◆ WORK INSTRUCTION ◆
Exactly as written, transcribe the data from its opening line through the line containing "あなたの人生を表す1番重要な". Leave every picture out.
==== DATA ====
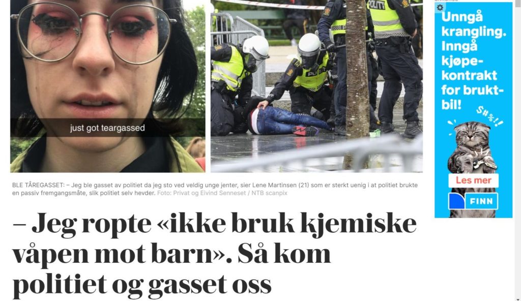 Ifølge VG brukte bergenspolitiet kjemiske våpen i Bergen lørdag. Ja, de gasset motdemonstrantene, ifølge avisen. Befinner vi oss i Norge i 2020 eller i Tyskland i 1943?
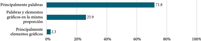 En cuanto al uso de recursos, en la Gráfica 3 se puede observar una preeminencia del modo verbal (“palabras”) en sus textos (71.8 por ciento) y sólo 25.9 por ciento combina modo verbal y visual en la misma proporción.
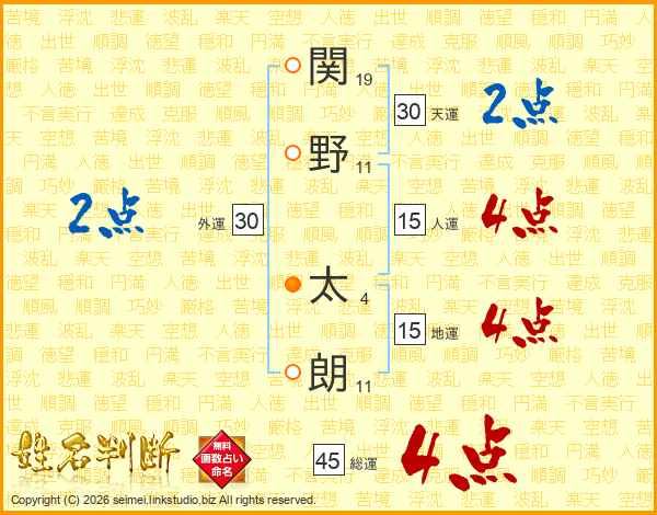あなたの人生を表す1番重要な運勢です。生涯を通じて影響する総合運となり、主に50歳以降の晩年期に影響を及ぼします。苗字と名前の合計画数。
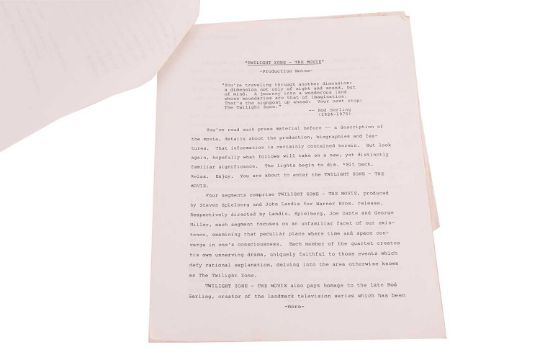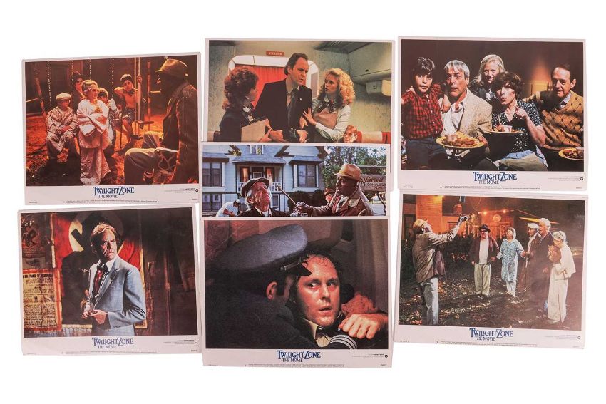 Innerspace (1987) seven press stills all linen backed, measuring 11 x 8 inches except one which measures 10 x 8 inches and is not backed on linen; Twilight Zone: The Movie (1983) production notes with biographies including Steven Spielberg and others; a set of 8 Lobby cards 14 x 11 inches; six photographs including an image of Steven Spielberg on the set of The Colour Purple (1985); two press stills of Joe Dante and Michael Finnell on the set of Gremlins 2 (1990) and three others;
====
◆ RESULT OF THE TASK ◆
 Ifølge VG brukte bergenspolitiet kjemiske våpen i Bergen lørdag. Ja, de gasset motdemonstrantene, ifølge avisen. Befinner vi oss i Norge i 2020 eller i Tyskland i 1943?
 En cuanto al uso de recursos, en la Gráfica 3 se puede observar una preeminencia del modo verbal (“palabras”) en sus textos (71.8 por ciento) y sólo 25.9 por ciento combina modo verbal y visual en la misma proporción.
あなたの人生を表す1番重要な運勢です。生涯を通じて影響する総合運となり、主に50歳以降の晩年期に影響を及ぼします。苗字と名前の合計画数。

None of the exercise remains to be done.